How Terri Attwood might approach Computer Science
The very notion of "computer science" as a distinct discipline presents a fascinating challenge. From my perspective, it's not merely about the intricate dance of ones and zeroes, or the elegant architecture of algorithms. At its heart, it's a fundamental toolkit for understanding, dissecting, and ultimately, manipulating complex systems. The true power, the undeniable significance, lies in its capacity to model and solve problems that were once intractable due to sheer scale or logical complexity.
Consider the biological problems we grapple with daily. How do we decipher the function of a newly sequenced protein? It's a problem of immense data, of subtle correlations, and of underlying rules that govern molecular interactions. "Computer science," in this context, provides the framework. Sequence alignment algorithms, for instance, aren't just about matching characters; they are computational representations of evolutionary relationships, a way to infer historical connections and functional conservation. Motif discovery, similarly, is about identifying recurring patterns—computational "fingerprints"—that signal functional significance.
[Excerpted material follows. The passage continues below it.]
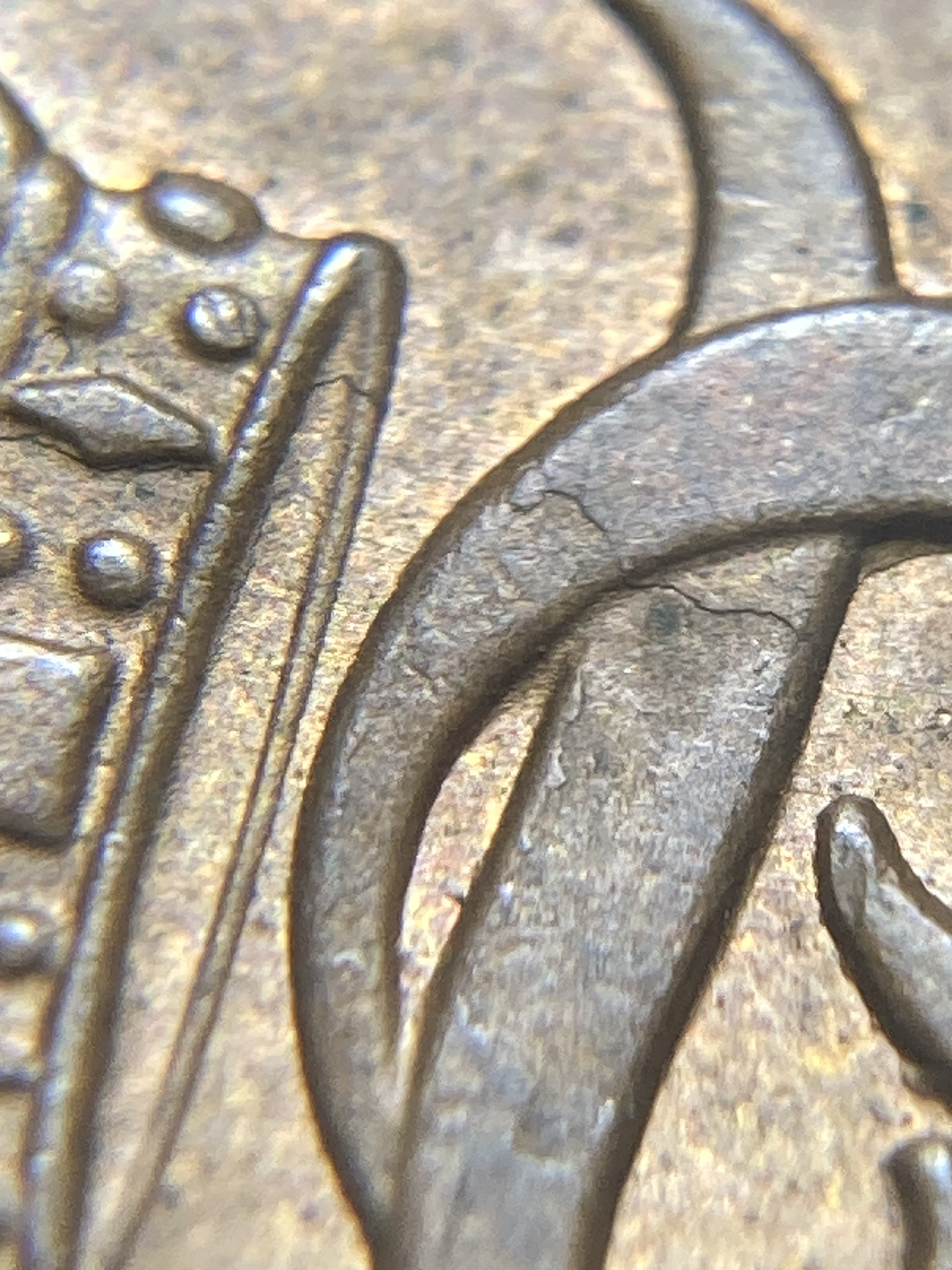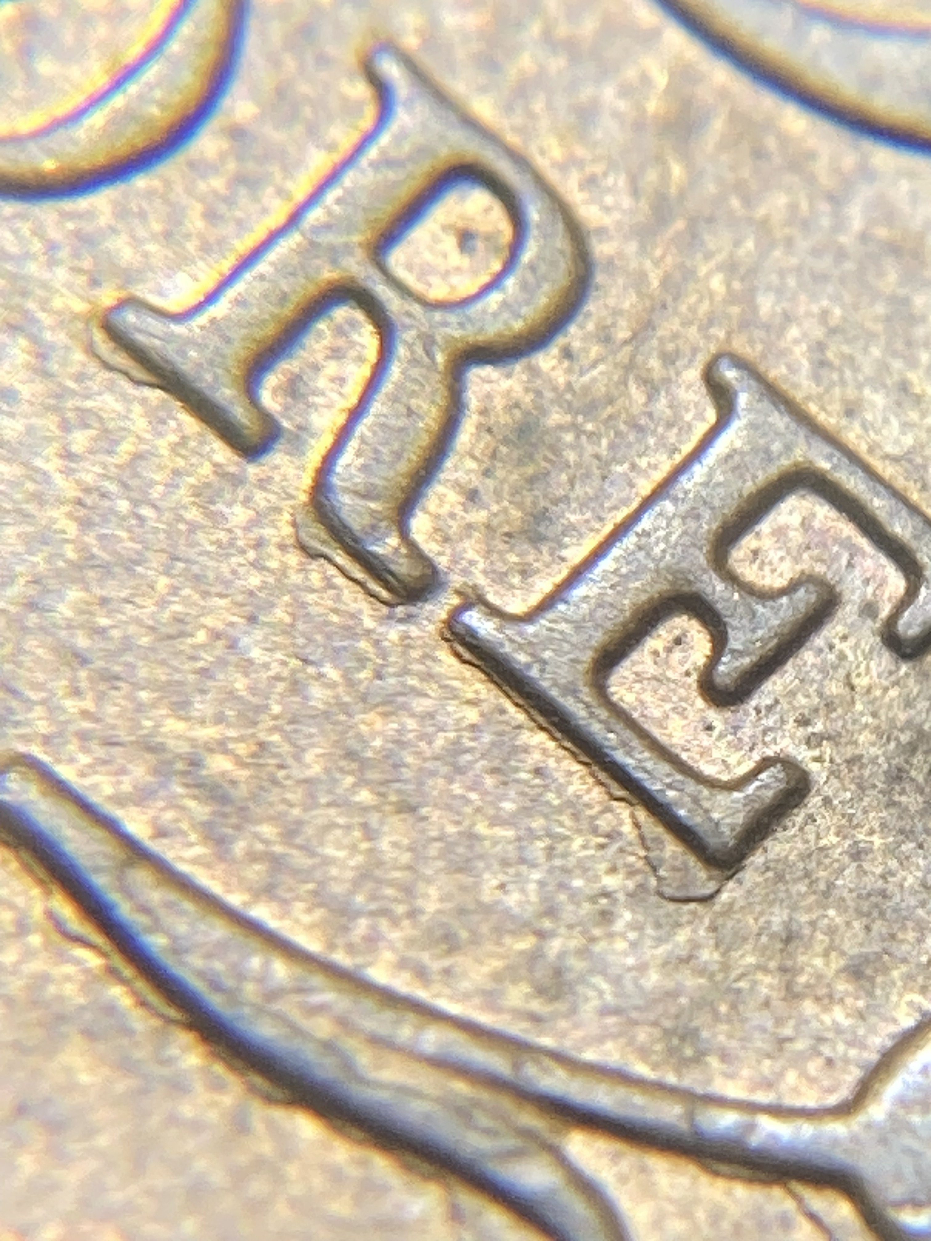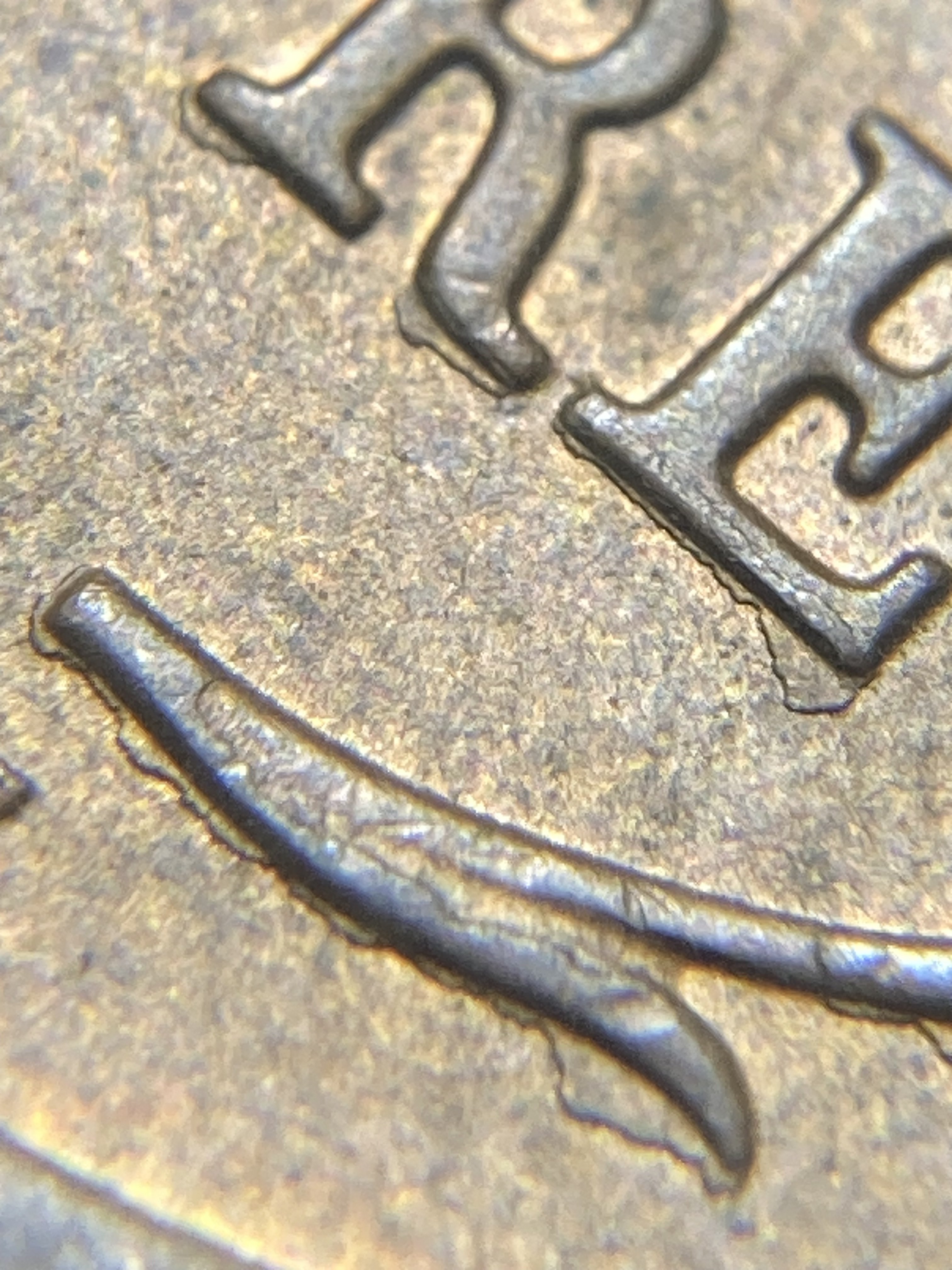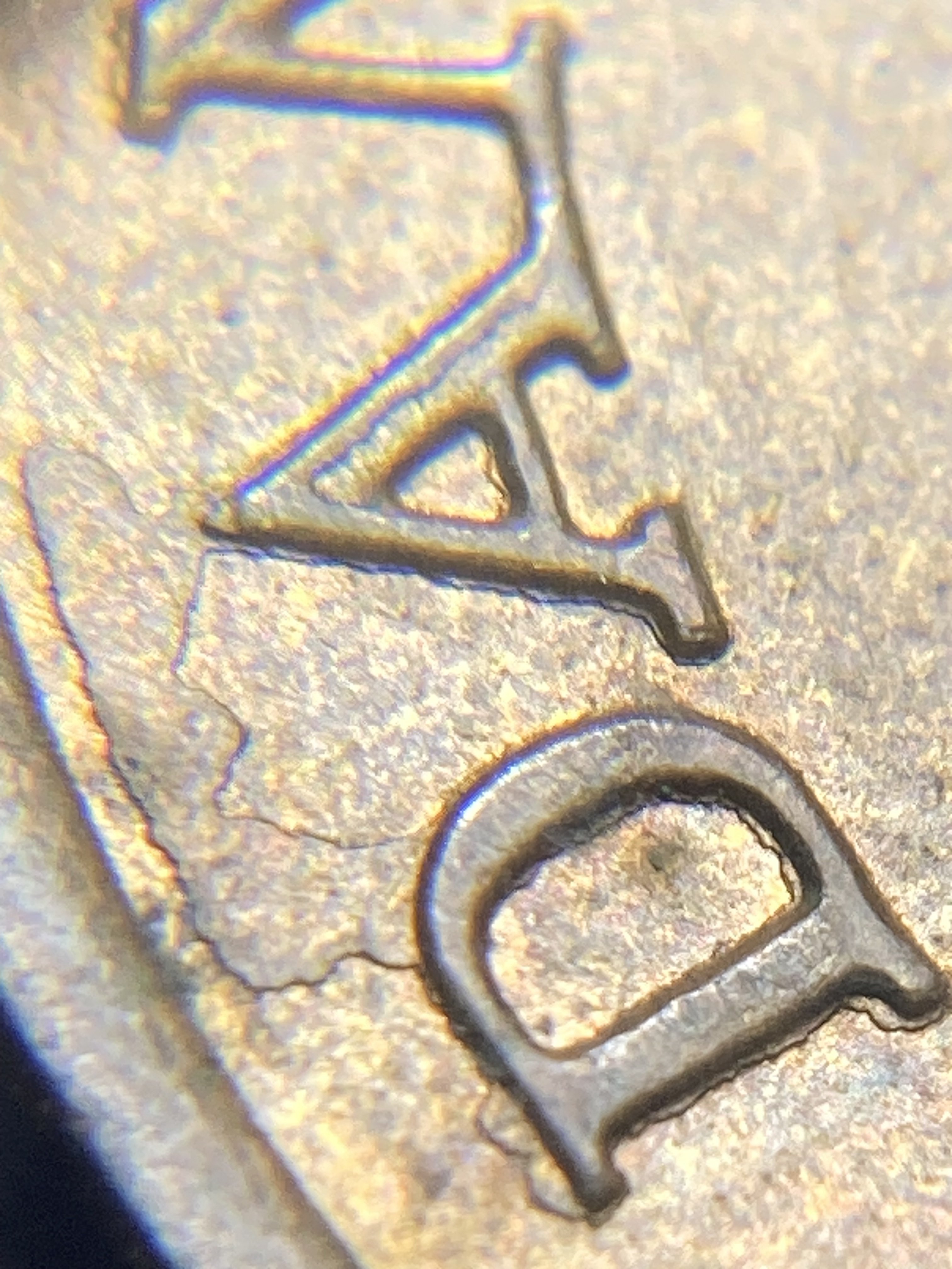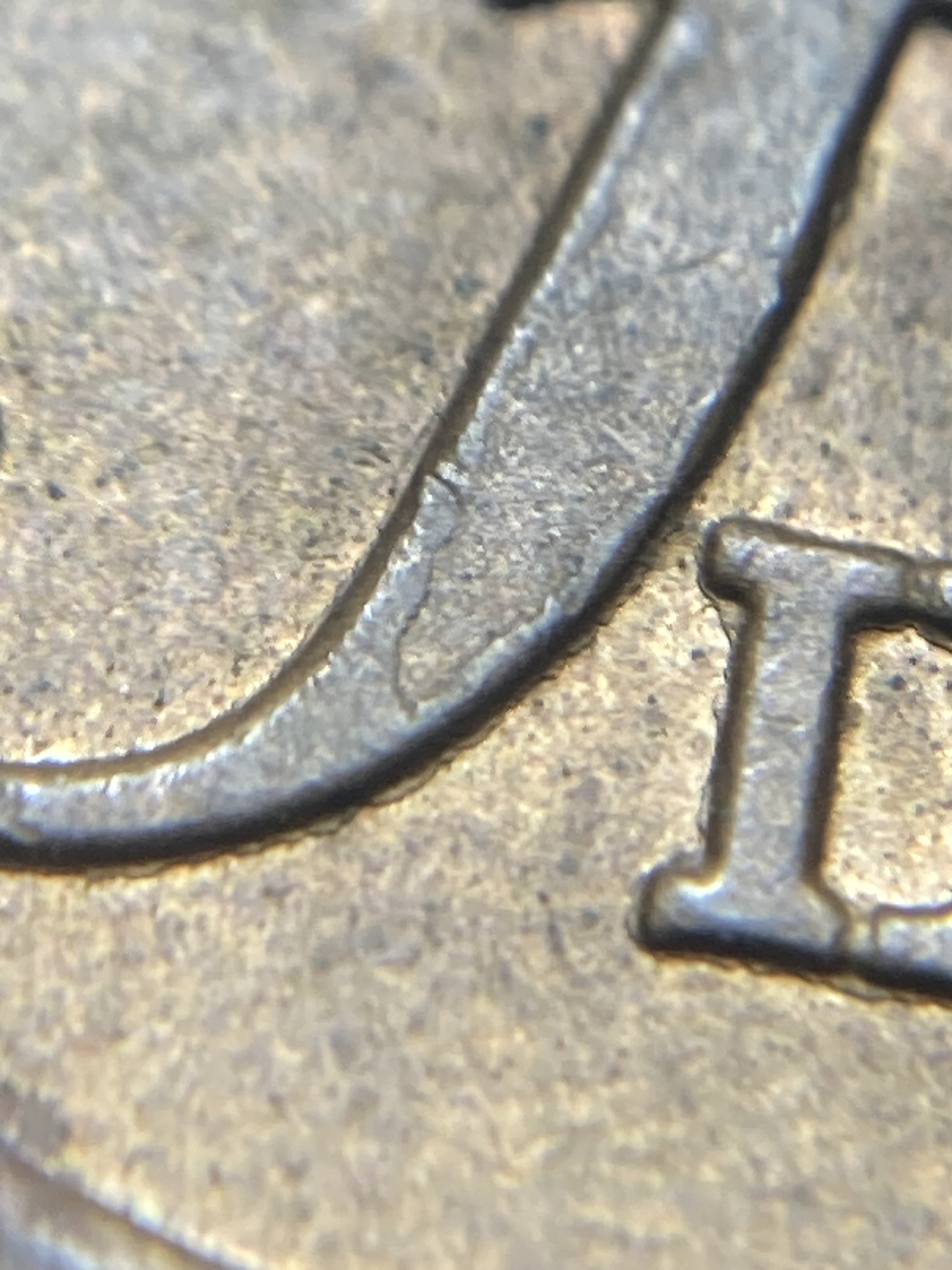 So what you need to do with these two coins, first of all, is try to disprove my hypothesis by getting some acetone, giving the coin a nice long soak, and seeing if the defects are still there or if they've dissolved away.

We need to ground these computational tools in biological reality. It’s not enough to simply devise a clever algorithm; its utility is measured by its ability to accurately predict biological phenomena. This is where the iterative refinement comes in. We develop a model, test it against known biological data, observe its shortcomings, and then refine the model, perhaps by integrating different types of information—structural data, experimental annotations—or by employing more sophisticated statistical methods. The key is to integrate multiple lines of evidence.
So, when I think of "computer science," I see not an abstract theoretical…
Imagined perspective — an AI synthesis grounded in Terri Attwood’s recorded ideas and methods, not a quotation or a statement they actually made.